* [Activity]: Look through the listing below for the line containing "Figur 01 – Biloppstillingsområdet". Copy it and each line after it up to and including the line containing "lebrada el 26", exactly, leaving out pictures.

* [Task inputs]:
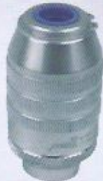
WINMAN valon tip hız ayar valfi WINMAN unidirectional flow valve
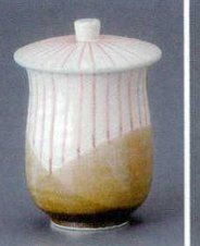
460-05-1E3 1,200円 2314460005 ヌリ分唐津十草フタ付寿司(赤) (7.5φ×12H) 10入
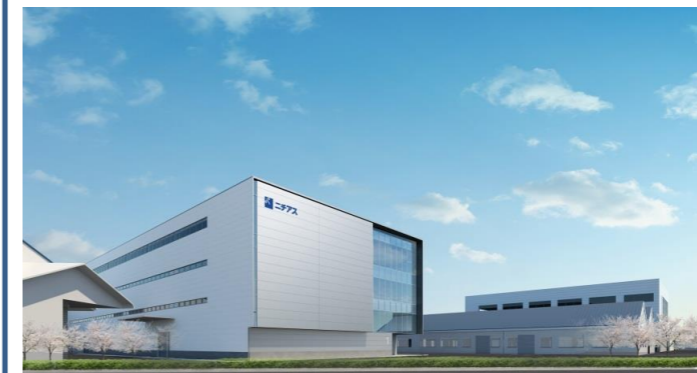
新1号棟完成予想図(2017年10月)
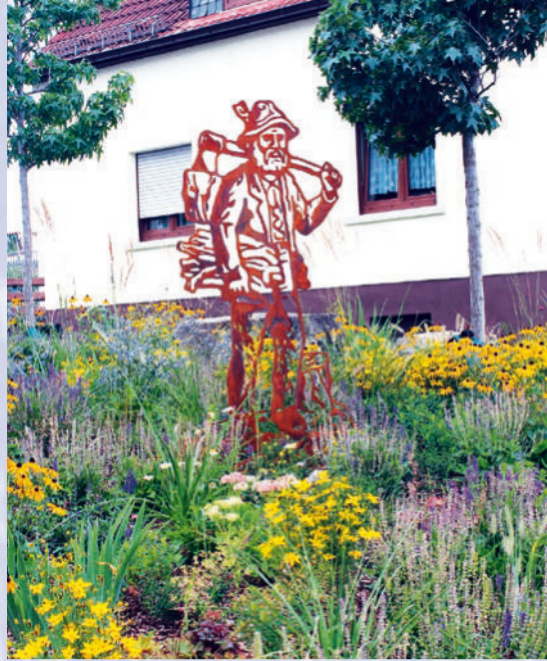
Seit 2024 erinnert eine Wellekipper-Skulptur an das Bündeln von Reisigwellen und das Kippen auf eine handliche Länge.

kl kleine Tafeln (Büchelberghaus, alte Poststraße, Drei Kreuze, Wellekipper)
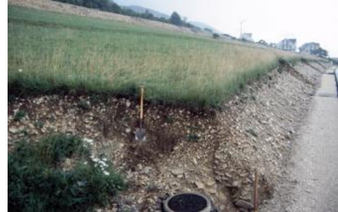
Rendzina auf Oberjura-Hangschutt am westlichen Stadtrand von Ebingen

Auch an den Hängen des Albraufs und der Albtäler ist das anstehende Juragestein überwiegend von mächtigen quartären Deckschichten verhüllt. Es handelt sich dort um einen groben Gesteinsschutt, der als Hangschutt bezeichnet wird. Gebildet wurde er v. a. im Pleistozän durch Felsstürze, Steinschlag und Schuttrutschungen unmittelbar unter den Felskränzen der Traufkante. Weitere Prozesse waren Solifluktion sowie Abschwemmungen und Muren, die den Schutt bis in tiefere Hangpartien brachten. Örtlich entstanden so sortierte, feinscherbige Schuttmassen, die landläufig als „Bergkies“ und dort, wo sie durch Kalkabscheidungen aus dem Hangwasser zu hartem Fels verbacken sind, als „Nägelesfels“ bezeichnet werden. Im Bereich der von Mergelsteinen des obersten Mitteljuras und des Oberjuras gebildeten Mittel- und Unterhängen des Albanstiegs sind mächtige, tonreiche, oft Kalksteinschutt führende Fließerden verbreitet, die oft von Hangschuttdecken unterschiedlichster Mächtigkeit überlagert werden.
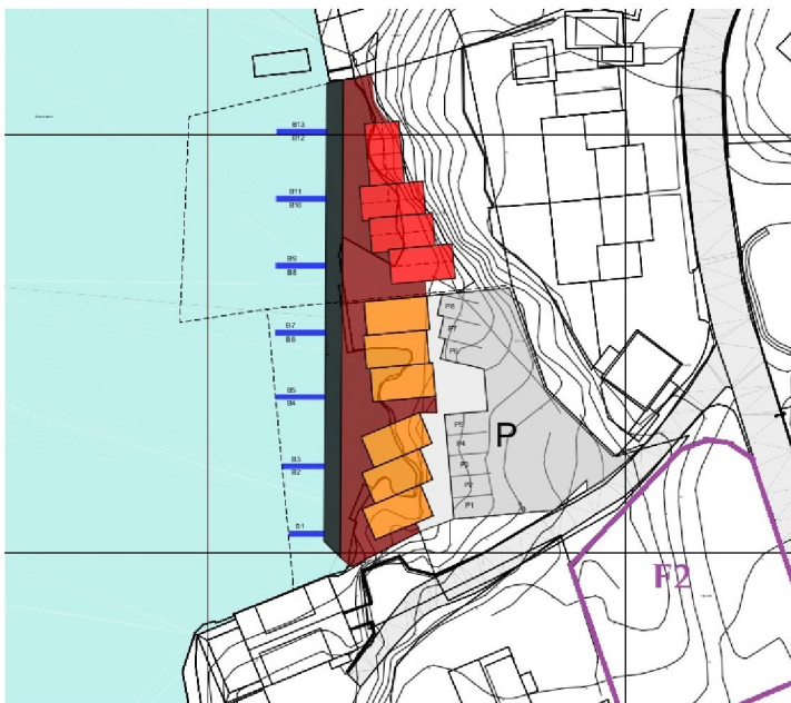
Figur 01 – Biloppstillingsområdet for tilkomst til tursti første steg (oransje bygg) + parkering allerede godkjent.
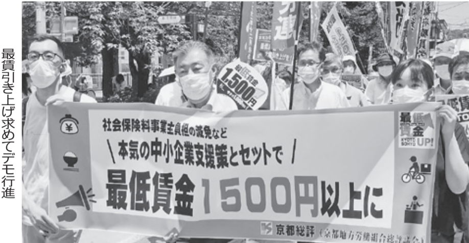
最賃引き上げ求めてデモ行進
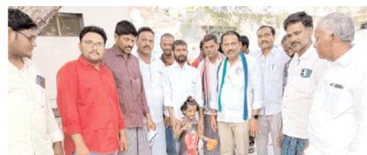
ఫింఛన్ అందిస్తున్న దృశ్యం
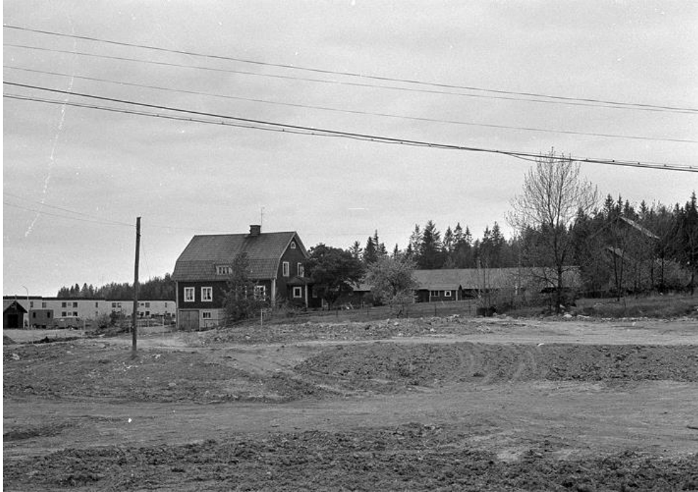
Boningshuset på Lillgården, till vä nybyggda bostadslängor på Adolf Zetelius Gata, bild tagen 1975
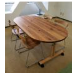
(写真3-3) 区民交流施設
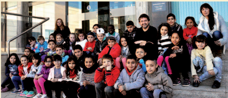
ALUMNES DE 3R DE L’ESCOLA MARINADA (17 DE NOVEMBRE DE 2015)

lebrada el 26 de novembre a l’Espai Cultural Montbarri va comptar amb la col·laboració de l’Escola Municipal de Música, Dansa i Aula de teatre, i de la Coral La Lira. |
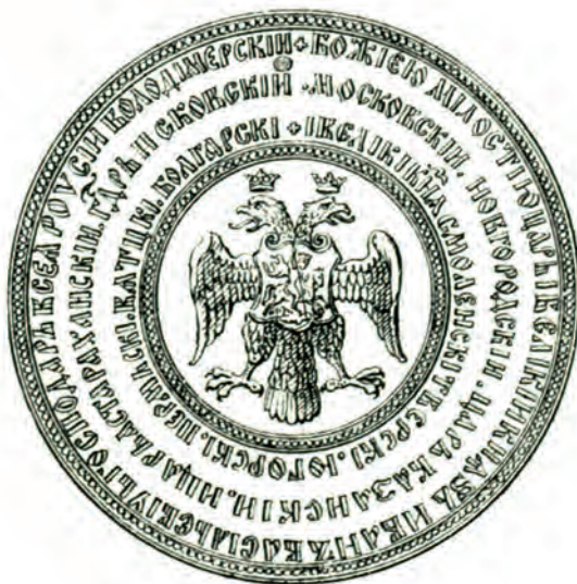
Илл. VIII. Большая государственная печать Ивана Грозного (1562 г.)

* [Written response]:
Figur 01 – Biloppstillingsområdet for tilkomst til tursti første steg (oransje bygg) + parkering allerede godkjent.
最賃引き上げ求めてデモ行進
ఫింఛన్ అందిస్తున్న దృశ్యం
Boningshuset på Lillgården, till vä nybyggda bostadslängor på Adolf Zetelius Gata, bild tagen 1975
(写真3-3) 区民交流施設
ALUMNES DE 3R DE L’ESCOLA MARINADA (17 DE NOVEMBRE DE 2015)

lebrada el 26 de novembre a l’Espai Cultural Montbarri va comptar amb la col·laboració de l’Escola Municipal de Música, Dansa i Aula de teatre, i de la Coral La Lira. |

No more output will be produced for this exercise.